---------- DATA TO USE ----------

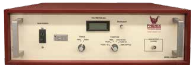
19" Rack Mount Metering Head
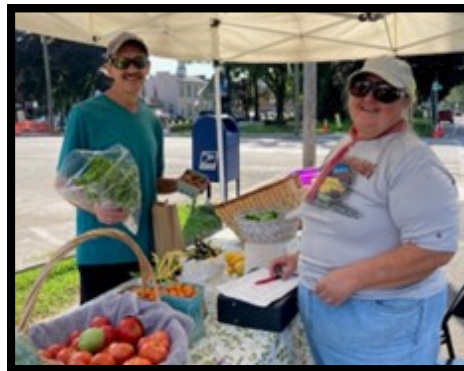
ABOVE: TCRM provides vouchers for food sold at the Owego Farmers' Market.
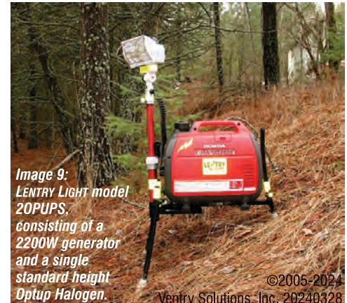
Image 9: LENTRY LIGHT model 20PUPS, consisting of a 2200W generator and a single standard height Optup Halogen.

14128 N Hauser Lake Rd Hauser, ID 83854 USA (888) 257-8967 Toll-free (208) 773-1194 Main info@ventry.com
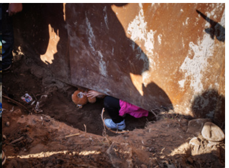
3. A little girl crosses the border at wall between Mexico and the United States through a hole her parents have dug.
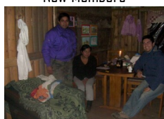
Salvation By Candlelight

The last 2 months have been full of exciting things here in Panguipulli, CHILE. Unfortunately we have gotten in the very bad habit of sending our prayer letters towards the end of the month. So we are sending you a dual update, and attempt to begin sending our updates in the first week of the month as we have done previously.
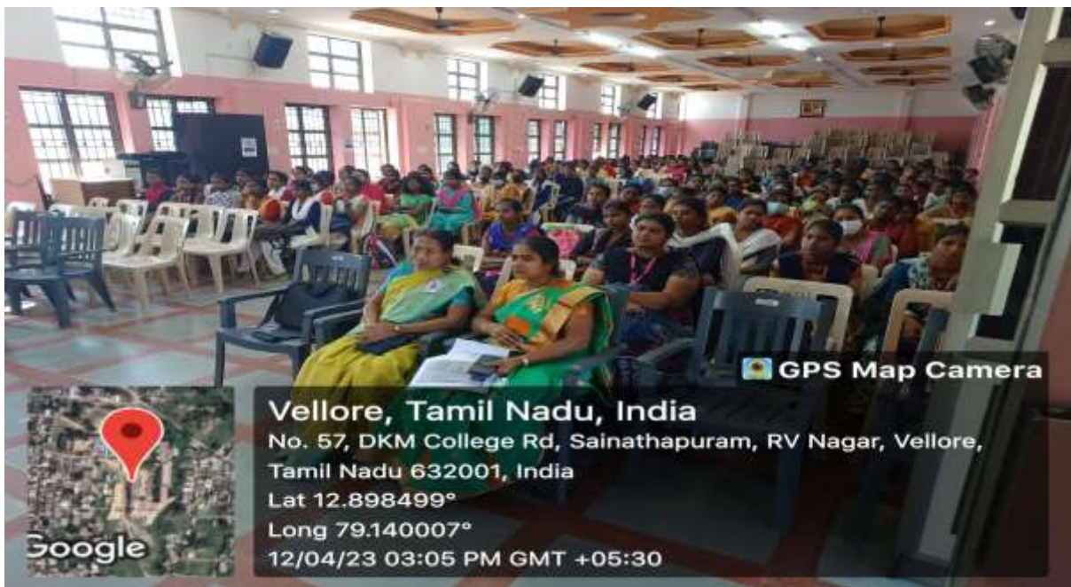
Students' participation during the session
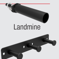
Bolt-on Band Pegs
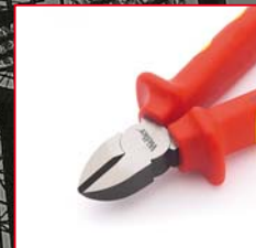
DCN160 Diagonal Cutting Nipper

----------

Repeat the data exactly, dropping every picture it holds.

19" Rack Mount Metering Head
ABOVE: TCRM provides vouchers for food sold at the Owego Farmers' Market.
Image 9: LENTRY LIGHT model 20PUPS, consisting of a 2200W generator and a single standard height Optup Halogen.

14128 N Hauser Lake Rd Hauser, ID 83854 USA (888) 257-8967 Toll-free (208) 773-1194 Main info@ventry.com
3. A little girl crosses the border at wall between Mexico and the United States through a hole her parents have dug.
Salvation By Candlelight

The last 2 months have been full of exciting things here in Panguipulli, CHILE. Unfortunately we have gotten in the very bad habit of sending our prayer letters towards the end of the month. So we are sending you a dual update, and attempt to begin sending our updates in the first week of the month as we have done previously.
Students' participation during the session
Bolt-on Band Pegs
DCN160 Diagonal Cutting Nipper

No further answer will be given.